Momo Crowd Buying Semiconductors Ahead Of Nvidia Earnings, Biggest Payroll Revision Since 2009

To gain an edge, this is what you need to know today.

Semiconductor Buying

Please click here for an enlarged chart of VanEck Semiconductor ETF SMH.

Note the following:

  • The chart shows the moves in semiconductors after prior NVIDIA Corp NVDA earnings.
  • The chart shows that semiconductors traced a double top, which is a negative pattern, and then dropped to the support zone.
  • The chart shows that semiconductors bounced off of the support zone.
  • RSI on the chart shows that semiconductors are overbought. Overbought markets tend to be vulnerable to the downside.
  • The momo crowd is aggressively buying semiconductors ahead of Nvidia earnings as they believe semiconductors will rise after Nvidia earnings just like they have in the past.
    • Prudent investors need to remember that history is instructive, but the road ahead is not always the same as the road behind.  
  • U.S. payrolls have been revised down by 818,000 for the year ending in March.  This is the biggest downward revision since 2009.
  • The Bureau of Labor Statistics did not post the jobs revision data on its website at 10am ET as it was supposed to.  However, the banks who called the Bureau were able to get the data, gaining an advantage.  The data was finally made available about 30 minutes late.
    • The initial reaction from the market was a spike up as many believe this will encourage the Fed to make bigger rate cuts.
    • Investors who knew that the data did not include data since March sold into the spike.
  • The FOMC minutes were dovish and indicate that the Fed is poised to cut rates in September.
  • Weekly jobless claims came at 232K vs. 225K consensus.

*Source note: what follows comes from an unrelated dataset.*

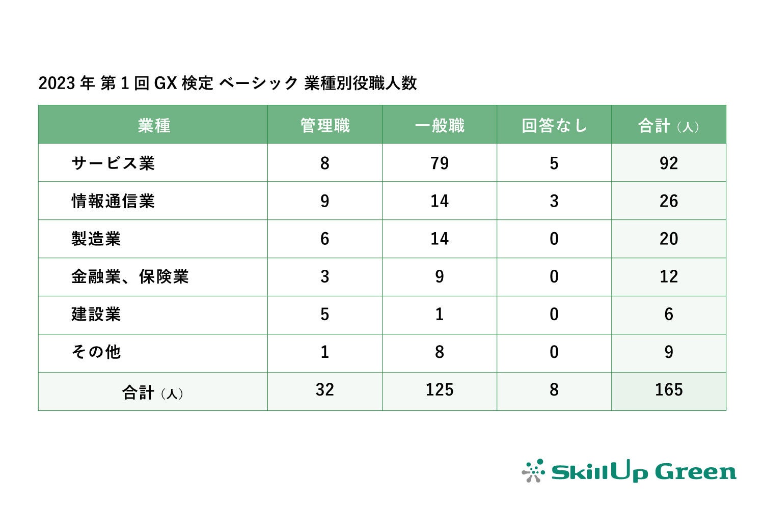 165名が受験し、受験者に占める業種の割合はサービス業が最多

Lately, the stock market is reacting when jobless claims are lower than the consensus but ignoring when they are higher than the consensus.  The reason is that the bullish sentiment is so extreme that investors want to hear only what makes the market go higher.  

Magnificent Seven Money Flows

In the early trade, money flows are positive in Apple Inc AAPL, Amazon.com, Inc. AMZN, Alphabet Inc Class C GOOG, Meta Platforms Inc META, NVDA, and Tesla Inc TSLA.

In the early trade, money flows are neutral in Microsoft Corp MSFT.

In the early trade, money flows are mixed in SPDR S&P 500 ETF Trust SPY and Invesco QQQ Trust Series 1 QQQ.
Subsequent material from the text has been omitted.